Frequently, after passing a conspicuous hill, I have seen Qway glance over his shoulder for a second or two, to see what it would look like when he approached it again on the return journey, and to note any small peculiarities that it possessed.
In addition to this sense of angles and distances, these desert men have in many cases a wonderfully accurate knowledge of the cardinal points of the compass. This seems at first sight to amount almost to an instinct. It is, however, probably produced by a recollection of the changes of direction in a day’s march which has, through long practice, become so habitual as to be almost subconscious.
A good guide can not only steer by the stars and sun, but is able to get on almost equally well without them. On the darkest and most overcast night, Qway never had the slightest doubt as to the direction in which our road lay—and this too in a part of the desert which he had previously never visited.
I often tested the sense of direction possessed by my men when we got into camp, by resting a rifle on the top of a sack of grain and telling them to aim it towards the north, afterwards testing their sighting by means of my compass.
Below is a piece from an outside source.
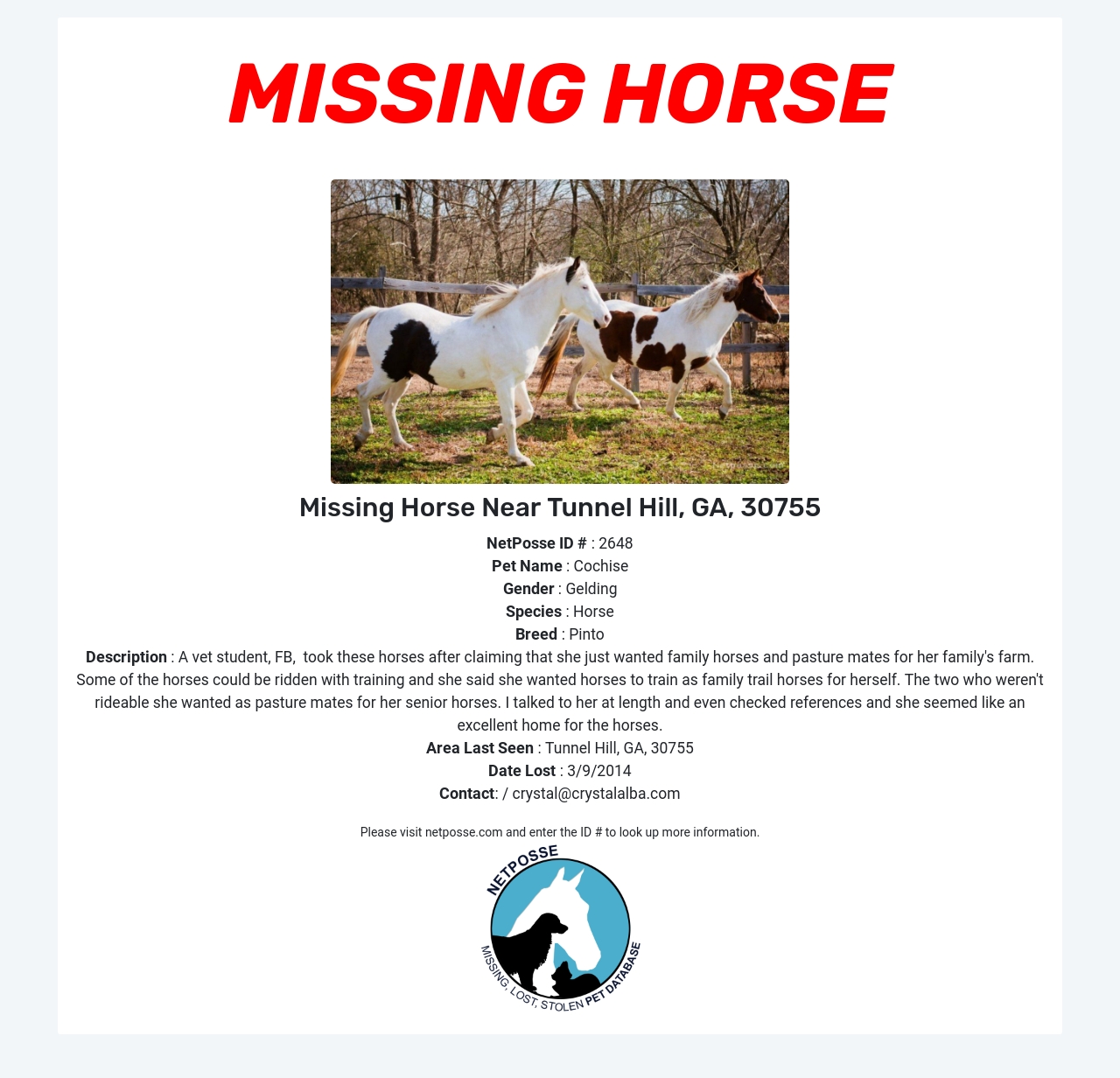 Description: A vet student, FB, took these horses after claiming that she just wanted family horses and pasture mates for her family's farm. Some of the horses could be ridden with training and she said she wanted horses to train as family trail horses for herself. The two who weren't rideable she wanted as pasture mates for her senior horses. I talked to her at length and even checked references and she seemed like an excellent home for the horses.

Qway and Abd er Rahman were surprisingly consistent in their accuracy, and there was very little indeed to choose between them. There was considerable rivalry between them on this point in consequence. They were very seldom more than two degrees wrong on one side or the other of the true north.
Qway was an unusually intelligent specimen of the bedawin Arabs—a race who are by no means so stupid as they are sometimes represented. There was little that he did not know about the desert and its ways, and he was extraordinarily quick to pick up any little European dodges, such as map-making to scale, that I showed him; but on questions connected with irrigation, cultivation, building, or anything that had a bearing on the life of the fellahin, he was—or professed to be—entirely ignorant. He regarded them as an inferior race, and evidently considered it beneath his dignity to take any interest at all in them or their ways. He seldom alluded to them to me without adding some contemptuous remark. He never felt at home in the crowded life of the Nile Valley, declared that he got lost whenever he went into a town—this I believe to be the case with most bedawin—that the towns were filthy, the inhabitants all thieves, liars, “women” and worse, and that the drinking water was foul, and even the air was damp, impure, and not to be compared with that of his beloved desert.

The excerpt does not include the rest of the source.